Recent images released by NASA have revealed new information about the origin of the asteroid system. Nearly two years ago, the Double Asteroid Redirection Test spacecraft, or DART, collided with Dimorphos, a small asteroid that is the moon of a larger space rock, Gemini, at about 14,000 miles per hour, testing a strategy for defense against a potential asteroid headed for Earth.
In a series of studies published this week, NASA researchers suggested that the mission did much more than achieve its original goal.
The five papers, published in the journal Nature Communications:
- “The geology and evolution of the Near-Earth binary asteroid system (65803) Didymos”.
- Evidence for multi-fragmentation and mass shedding of boulders on rubble-pile binary asteroid system (65803) Didymos.
- Fast boulder fracturing by thermal fatigue detected on stony asteroids.
- The bearing capacity of asteroid (65803) Didymos estimated from boulder tracks.
- Mechanical properties of rubble pile asteroids (Dimorphos, Itokawa, Ryugu, and Bennu) through surface boulder morphological analysis.
provided information on the origin, physical characteristics and evolution of asteroids and are helping scientists better understand binary asteroid systems, such as the planetary asteroid Gemini and the lunar (that is, satellite) asteroid. Deformed.
“These findings give us new insights into the ways in which asteroids can change over time,” said Thomas Statler, chief scientist for small solar system bodies at NASA headquarters in Washington.

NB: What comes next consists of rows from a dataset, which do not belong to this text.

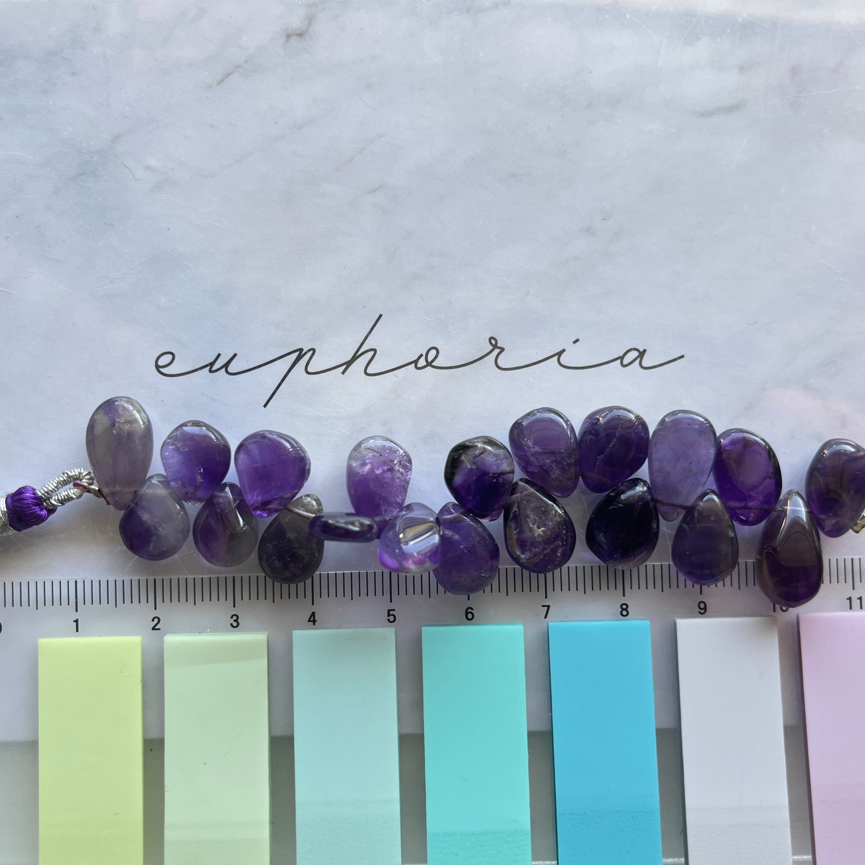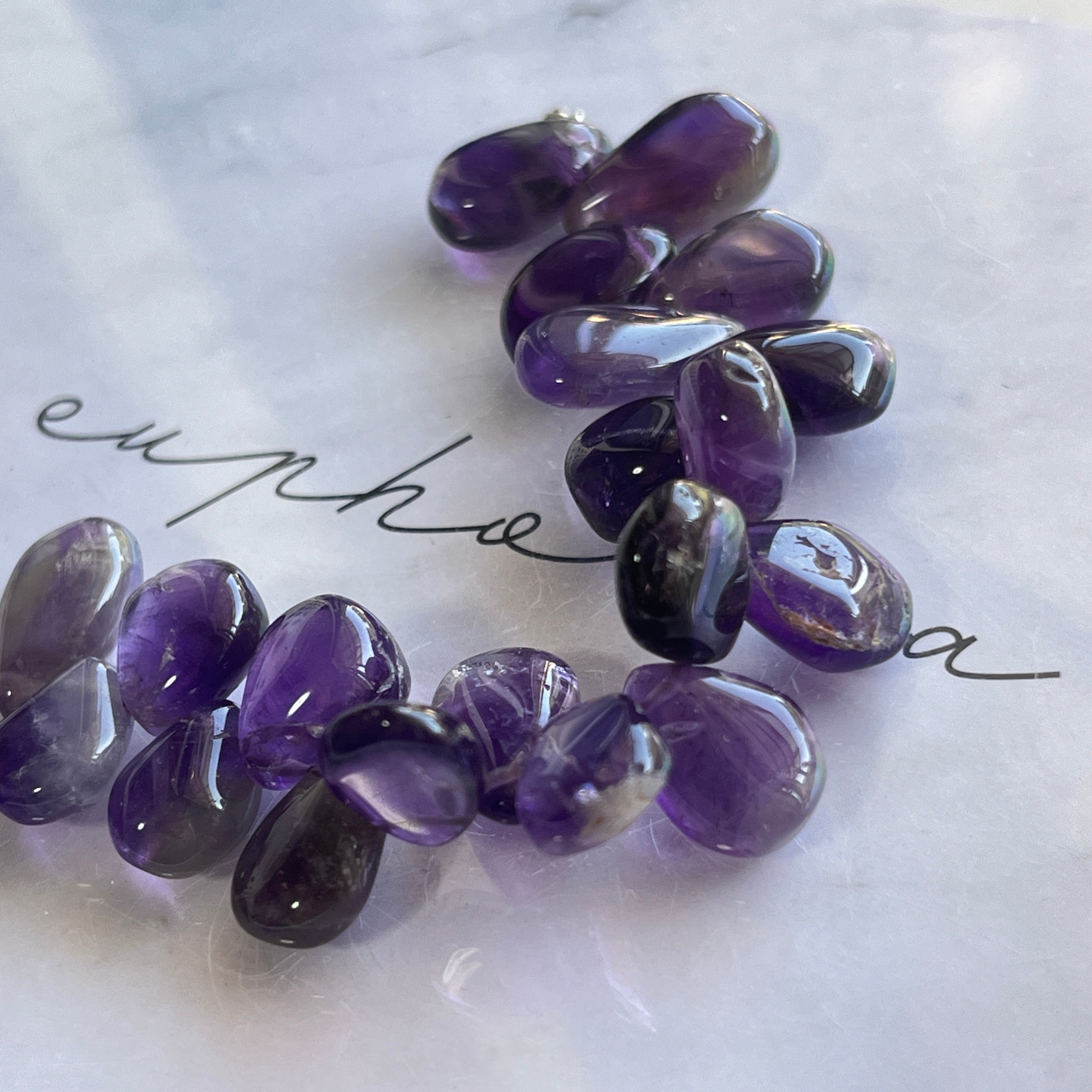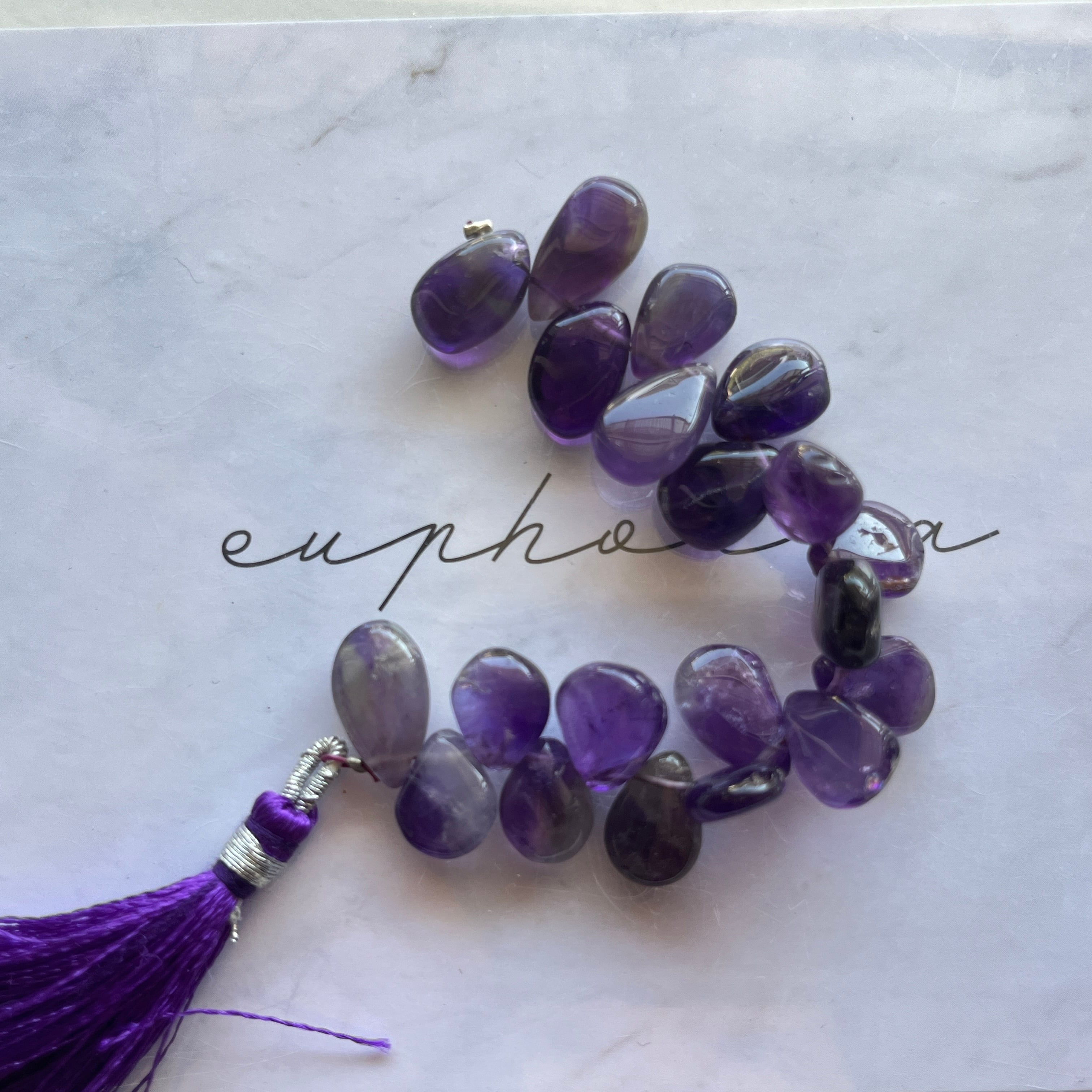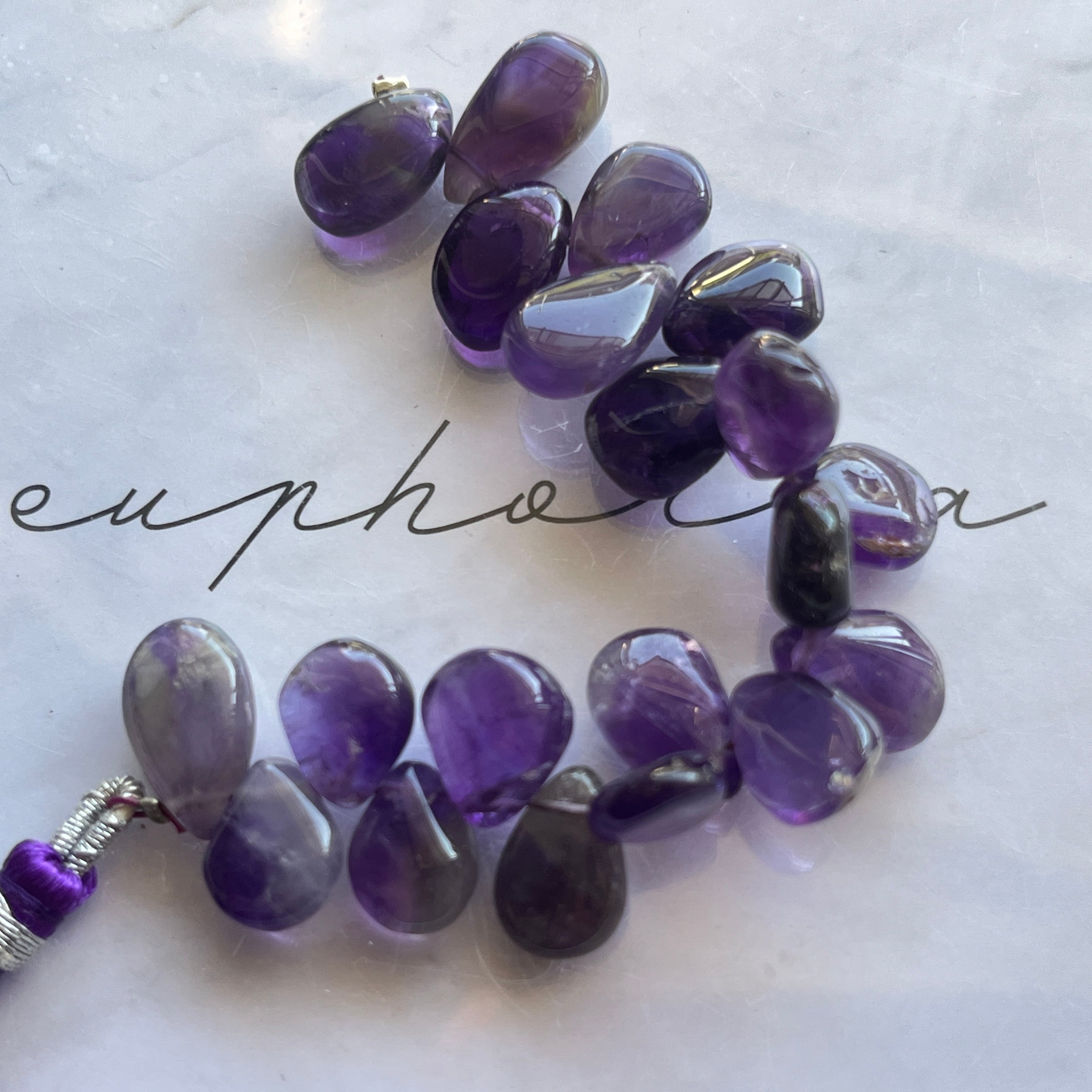〔天然石 アメジスト ペアシェイプ半連 〕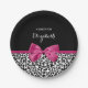 Trendy, schwarz-weiße Leopardendruckpapier-Teller mit einem lebendigen dunkelrosa Farbband, das in einem niedlichen gürtelförmigen Bogen befestigt ist. Personalisieren Sie dieses elegante und stilvolle Tiermuster-Design, indem Sie den Namen Ihres Teenager-Party-Mädchens hinzufügen. Flachbild, NICHT echtes Band.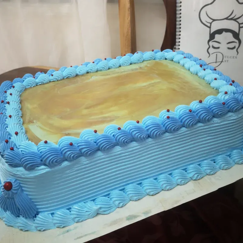 Cakes rectangular que mide 37 cm de largo por 27 cm de ancho, vestido de merengue con dos capas de panetela de vainilla y una capa de relleno a elegís por el cliente según los sabores que tengamos disponibles.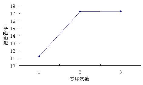 圖2.4 效應(yīng)曲線圖,因素為提取次數(shù) 由趨勢圖可以看出,隨提取次數(shù)水平的變動,浸膏得率在提高,2次時最高,之后緩慢提升。 2.4.3 討論 1.原料的目數(shù)的篩選 在提取過程中發(fā)現(xiàn),用80目篩篩過的厚樸,由于顆粒較細,在回流提取過程中藥材很粘稠,容易產(chǎn)生暴沸現(xiàn)象,尤其是在2次以上回流次數(shù)時尤其明顯,即使加入沸石也不容易解決。抽濾時,過濾的溶液不是很澄清,懷疑是由于顆粒細,而濾紙孔徑有限,但這種輕盈也可能與厚樸酚的水溶性有關(guān),厚樸酚在沸騰的乙醇中溶解度大,隨著抽濾的進行,溫度降低,在抽濾瓶中可能出現(xiàn)重結(jié)晶的想象?紤]降低過篩目數(shù)是否可以解決這一問題,于是設(shè)計實驗,用同一厚樸原料分別過20目、40目、80目的篩,選正交設(shè)計表中1號試驗的實驗方案進行對比試驗,如表2.6所示。 表2.6原料的目數(shù)的篩選對比試驗

They invented a weapon to defend the Earth against asteroids
In one study, researchers from the Johns Hopkins Applied Physics Laboratory in Maryland studied the geology of asteroids. They found that Gemini was smoother at lower elevations, rockier at higher elevations, and had more craters, while the small moon Dimorphos had boulders of various sizes.
The team concluded that Dimorphos likely detached from Gemini in what is known as a “large mass ejection event,” which are natural processes that accelerate the detachment of smaller asteroids.
The team’s analysis suggested that Gemini has a surface age between 40 and 130 times older than Dimorphos, with the former estimated to be 12.5 million years old and the latter less than 300,000 years old, NASA said. Because Dimorph’s surface is younger, it probably had “low resistance” which, in turn, contributed to why DART was so successful in disrupting its orbit.
Other publications and knowledge were obtained by the researchers
In another paper, the researchers compared the shapes and sizes of the boulders on the two asteroids and found that Dimorphos likely formed gradually with material from Gemini, providing further evidence that the former was detached from the latter.
A third study compared the boulders in Dimorph with debris pile asteroids — asteroids made up of pieces of debris — and found that they share similar characteristics, concluding that all asteroids likely formed in a similar way.
The images and data collected by DART in the Gemini system provided a unique opportunity for an up-close geological look at a near-Earth binary asteroid system.
From these images alone, they were able to infer a lot of information about the geophysical properties of both Gemini and Dimorphos and expand the understanding of research scientists about the formation of these two asteroids. They also better understood why the DART was so effective at moving the Dimorph.